Image above: Sudeshna Sengupta’s intaglio plate along with a color-viscosity print printed from this plate displayed at one of her solo exhibits in New Mexico, USA
The prints featured on this page represent Sudeshna Sengupta’s involvement with various printmaking processes since 1983. Her special area of expertise is the Intaglio-Simultaneous Surface Color-Viscosity method of printmaking, which enables the artist to create prints of a wide range of colors and textures from a single plate and requires only one run through the press. The unique tactile and expressive qualities achievable through this process are some its aspects that draw her to this medium.
The major portion of her print portfolio consists of intaglio prints (etching, drypoint, engraving, aquatint, and mezzotint) depicting a series of metaphorical images constructed around narrative patterns of thought and expression. The semi-figurative references often create a psychological juxtaposition of emotionally charged, intense forms which reflect her ongoing introspection on the contemporary human condition, with its existential, societal, and socio-political issues.

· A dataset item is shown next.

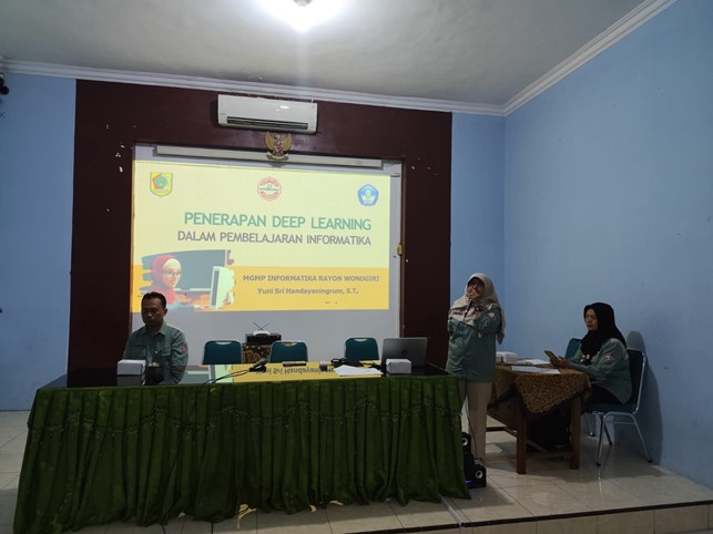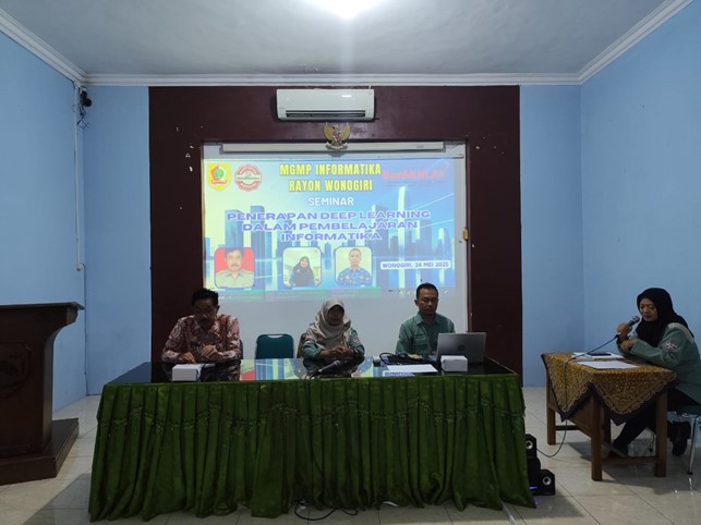 DALAM rangka peningkatan kompetensi guru di era transformasi digital, Musyawarah Guru Mata Pelajaran (MGMP) Informatika Kabupaten Wonogiri menyelenggarakan seminar bertajuk “Penerapan Deep Learning dalam Pembelajaran Informatika” pada Sabtu, 24 Mei 2025 bertempat di SMP Negeri 1 Wonogiri, mulai pukul 08.30 hingga 12.30 WIB. Kegiatan ini dihadiri oleh 50 peserta, yang terdiri dari guru Informatika jenjang SMP se-Kabupaten Wonogiri. Kegiatan seminar ini dipandu oleh moderator Oneke Asri Anggraheni, S.Kom. guru SMP Negeri 1 Wonogiri guru SMP Negeri 1 Wonogiri dan Yuni Sri Handayaningrum, ST serta Susanto, S.Kom sebagai narasumber. hadir juga ditengah tengah tamu undangan yaitu Drs. Rendro Mardiyanto, M.Pd. sebagai koordinator MGMP Informatika. Para peserta seminar kali ini adalah ibu bapak guru yang tergabung dalam kombel Mata Pelajaran Informatika Kabupaten Wonogiri. seperti pada umumnya seminar ini dibuka oleh moderator dan dilanjutkan dengan menyanyikan lagu Indonesia Raya yang dipimpin oleh Tri Rahayu Setyorini, S.Pd. Tak lupa pembacaan doa oleh Muh Ichsan, S.Pd. ketua MGMP Informatika Subrayon 05.

Her Still/Life: Bhopal Genocide series came as a response after the infamous human tragedy that took place at a factory and its surrounding localitites in Bhopal, India — which was caused by the negligence of a US based giant multinational corporation. The imagery in “Skyline Fragmented” provides a metaphor of the fragmentation of lives in contemporary society – the pictorial space in this composition has been divided and separated into isolated compartments, breaking their relationship to each other in order to reveal a sense of psychological isolation.
Each of these limited edition, numbered prints is an original, and hand-pulled by the artist. The numbers at the lower left hand corner of each print indicate the total number of prints in that edition (the lower number) and identify the serial number of the particular print (the upper number).